WHAT YOU NEED TO DO: As you reproduce every line below, keep it exactly as written and leave out the images.

COLLECTED DATA:

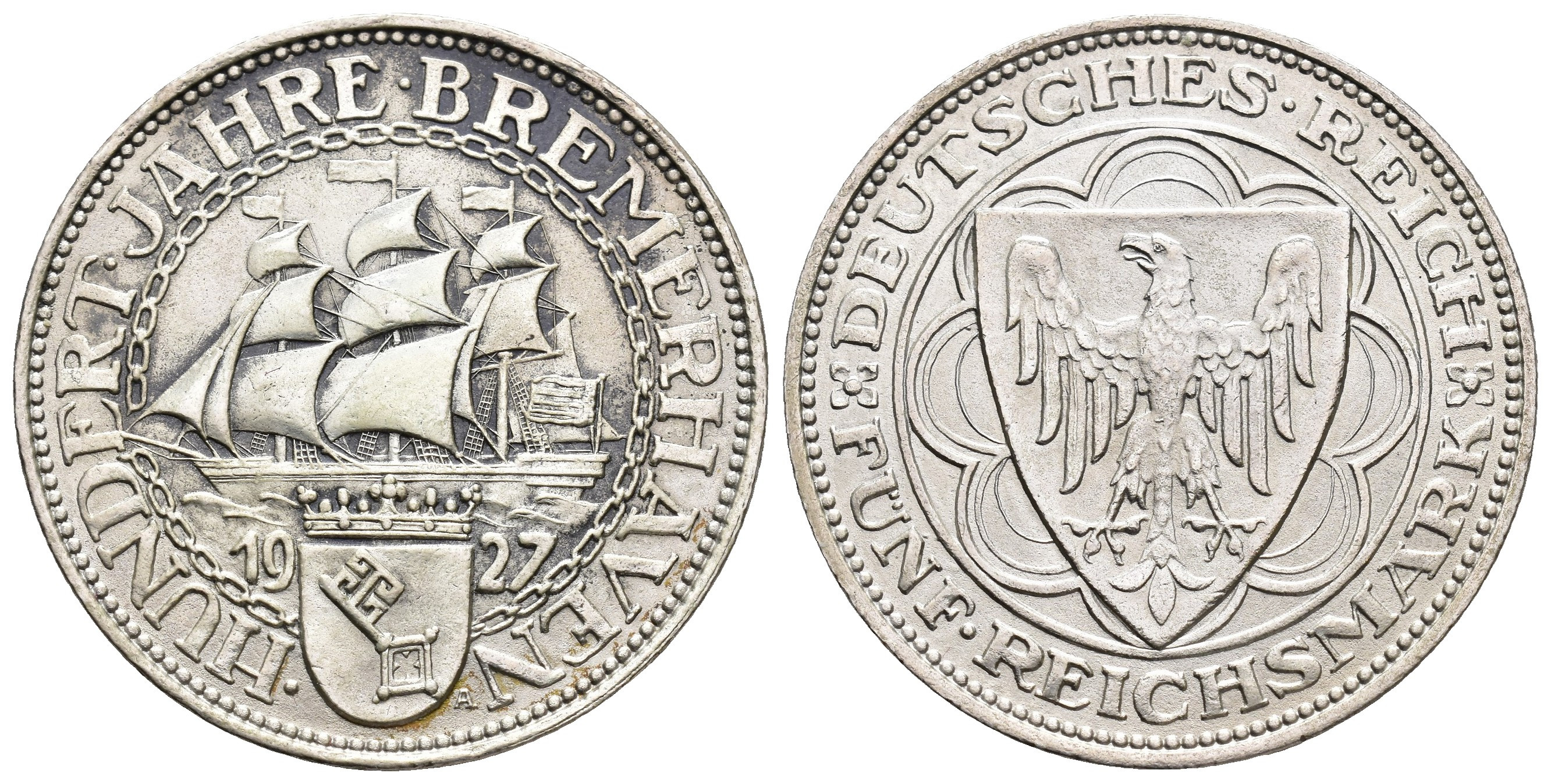 MONEDA EXTRANJERA. ALEMANIA Y ESTADOS ALEMANES. REPÚBLICA DE WEIMAR. 5 marcos. 1927. AR 24,83 g. 36,1 mm. KM-51. EBC-.
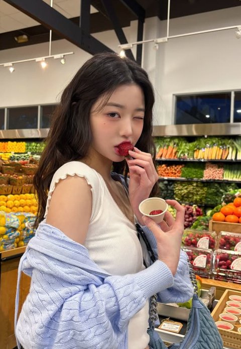 공개된 사진 속 장원영은 머리를 묶은 채 윙크를 하며 다양한 포즈를 취하고 있다. 반팔 브이넥을 입은 채 식사를 즐기고 있는 모습. 이어진 사진에서는 마트를 배경으로 한손으로 딸기를 집은 채 상큼한 포즈를 표정을 짓고 있다.
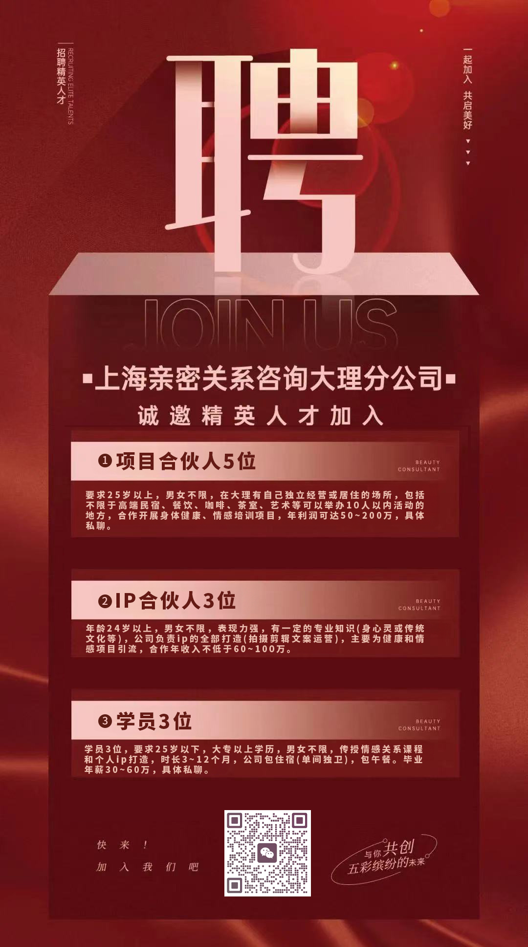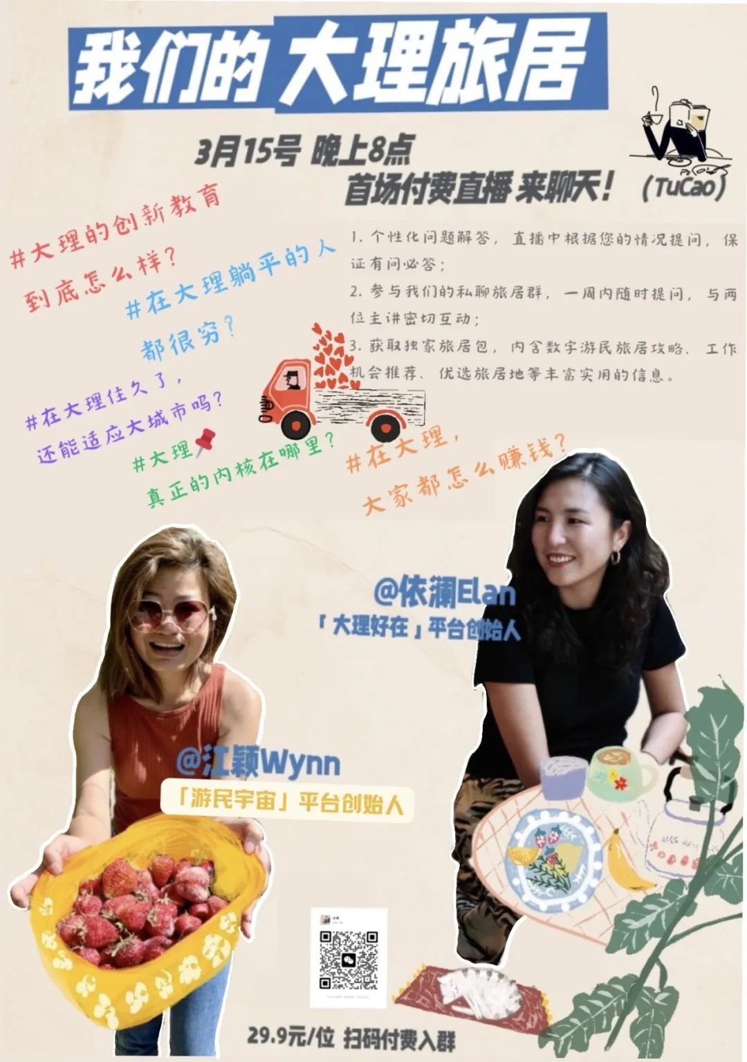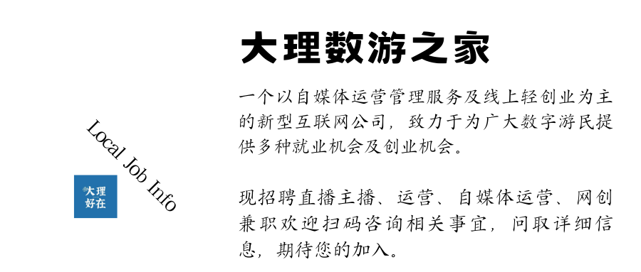 3月15号 晚8点 一起聊聊“我们的大理旅居” 1、在大理,大家都怎么赚钱? 2、在大理住久了,还能适应大城市吗? 3、在大理躺平的人,都很穷? 4、大理的创新教育到底怎么样? 5、大理真正的内核在哪里? 🌟 直播互动环节 个性化问题解答 直播中根据您的情况提问 有问必答 ✍️直播后互动 参与我们的私聊旅居群 一周内随时提问 与两位主讲密切互动 🎁福利礼包 获取独家旅居包 内含数字游民旅居攻略 工作机会推荐 优选旅居地等旅居干货信息 💬扫描海报中二维码 加小助手付费后即可入群! ✨✨ 发布 工作岗位、房源信息、 店铺推广、个人自荐 请加旅居助理微信 业务&合作 品牌活动 | 在地游学 云南好物|中小企业营销 策划咨询|新媒体运营 扫码加小编 1.“大理好在”目前发布的招聘类信息,都由招聘人/机构提供,海报、招聘详情原文转发。相关招聘职位、薪资待遇、及其它相关信息,仅代表原作者个人观点,不代表“大理好在”公号立场。2.原文中所使用的图片、文字、视频、音频等,如有版权问题,还请与招聘主体联系,“大理好在”不承担任何相关责任。3.“大理好在”会要求招聘主体提供联系人及联系方式,应聘人敬请自行咨询。4.招聘信息的真实性由招聘主体负责、招聘与应聘双方产生之任何法律、财务、劳动纠纷,均由双方自行负责。“大理好在”仅发布信息,不承担任何相关责任。 |
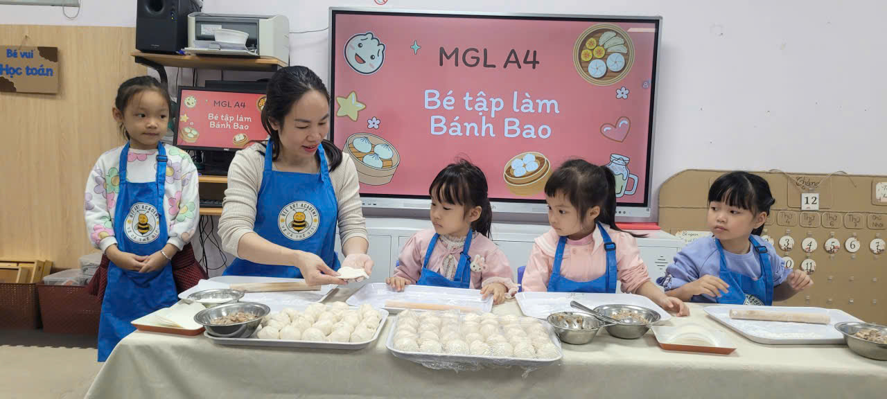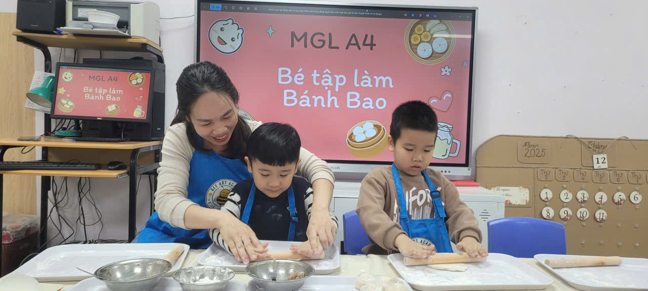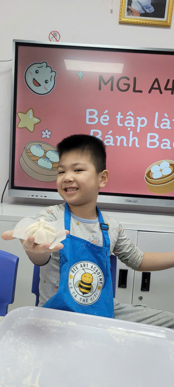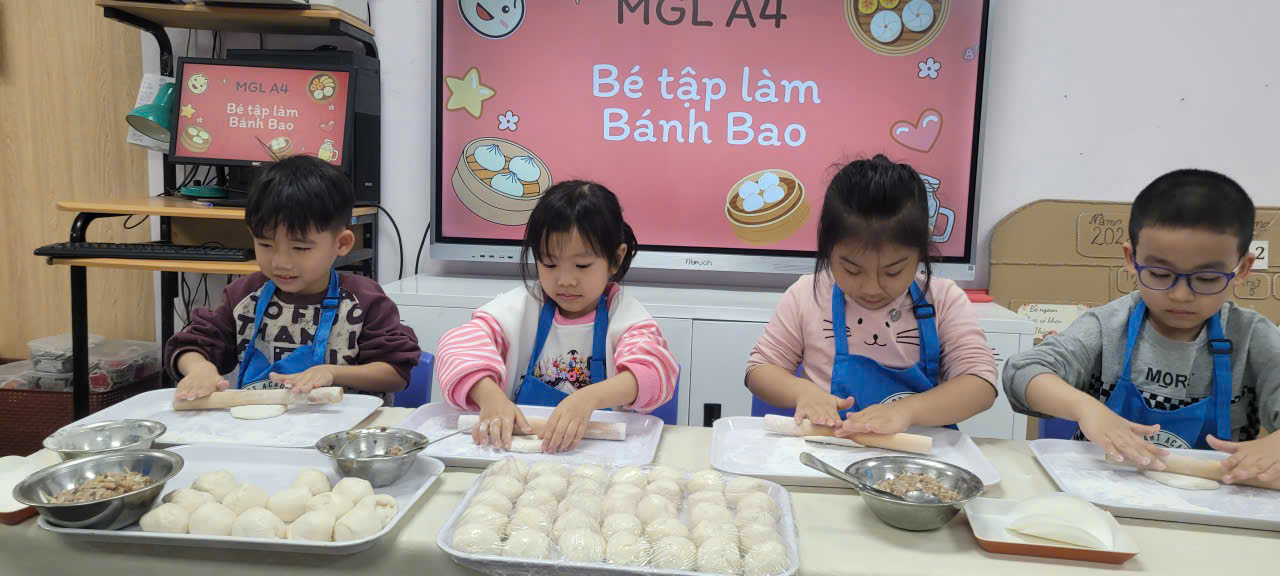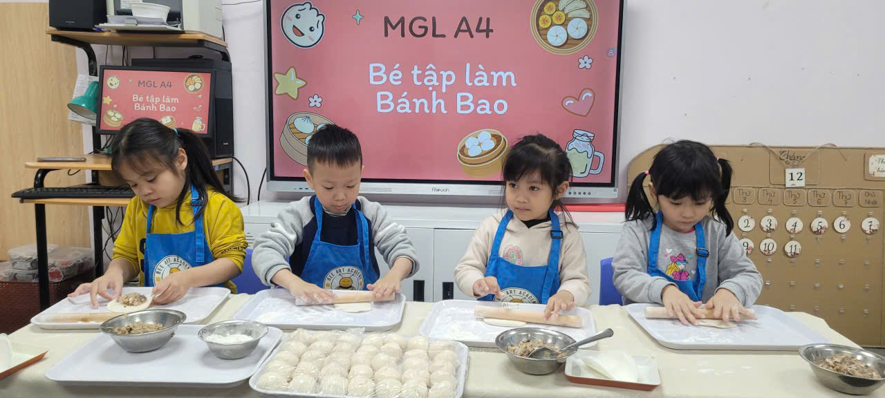 Trong không khí học tập sôi nổi và tràn đầy hứng khởi, các bạn nhỏ lớp MGL A4 đã có một buổi trải nghiệm vô cùng thú vị với hoạt động làm bánh bao truyền thống – một món ăn quen thuộc, gần gũi trong bữa ăn gia đình Việt.

SOLVED EXERCISE:
 MONEDA EXTRANJERA. ALEMANIA Y ESTADOS ALEMANES. REPÚBLICA DE WEIMAR. 5 marcos. 1927. AR 24,83 g. 36,1 mm. KM-51. EBC-.
 공개된 사진 속 장원영은 머리를 묶은 채 윙크를 하며 다양한 포즈를 취하고 있다. 반팔 브이넥을 입은 채 식사를 즐기고 있는 모습. 이어진 사진에서는 마트를 배경으로 한손으로 딸기를 집은 채 상큼한 포즈를 표정을 짓고 있다.
 3月15号 晚8点 一起聊聊“我们的大理旅居” 1、在大理,大家都怎么赚钱? 2、在大理住久了,还能适应大城市吗? 3、在大理躺平的人,都很穷? 4、大理的创新教育到底怎么样? 5、大理真正的内核在哪里? 🌟 直播互动环节 个性化问题解答 直播中根据您的情况提问 有问必答 ✍️直播后互动 参与我们的私聊旅居群 一周内随时提问 与两位主讲密切互动 🎁福利礼包 获取独家旅居包 内含数字游民旅居攻略 工作机会推荐 优选旅居地等旅居干货信息 💬扫描海报中二维码 加小助手付费后即可入群! ✨✨ 发布 工作岗位、房源信息、 店铺推广、个人自荐 请加旅居助理微信 业务&合作 品牌活动 | 在地游学 云南好物|中小企业营销 策划咨询|新媒体运营 扫码加小编 1.“大理好在”目前发布的招聘类信息,都由招聘人/机构提供,海报、招聘详情原文转发。相关招聘职位、薪资待遇、及其它相关信息,仅代表原作者个人观点,不代表“大理好在”公号立场。2.原文中所使用的图片、文字、视频、音频等,如有版权问题,还请与招聘主体联系,“大理好在”不承担任何相关责任。3.“大理好在”会要求招聘主体提供联系人及联系方式,应聘人敬请自行咨询。4.招聘信息的真实性由招聘主体负责、招聘与应聘双方产生之任何法律、财务、劳动纠纷,均由双方自行负责。“大理好在”仅发布信息,不承担任何相关责任。 |
 Trong không khí học tập sôi nổi và tràn đầy hứng khởi, các bạn nhỏ lớp MGL A4 đã có một buổi trải nghiệm vô cùng thú vị với hoạt động làm bánh bao truyền thống – một món ăn quen thuộc, gần gũi trong bữa ăn gia đình Việt.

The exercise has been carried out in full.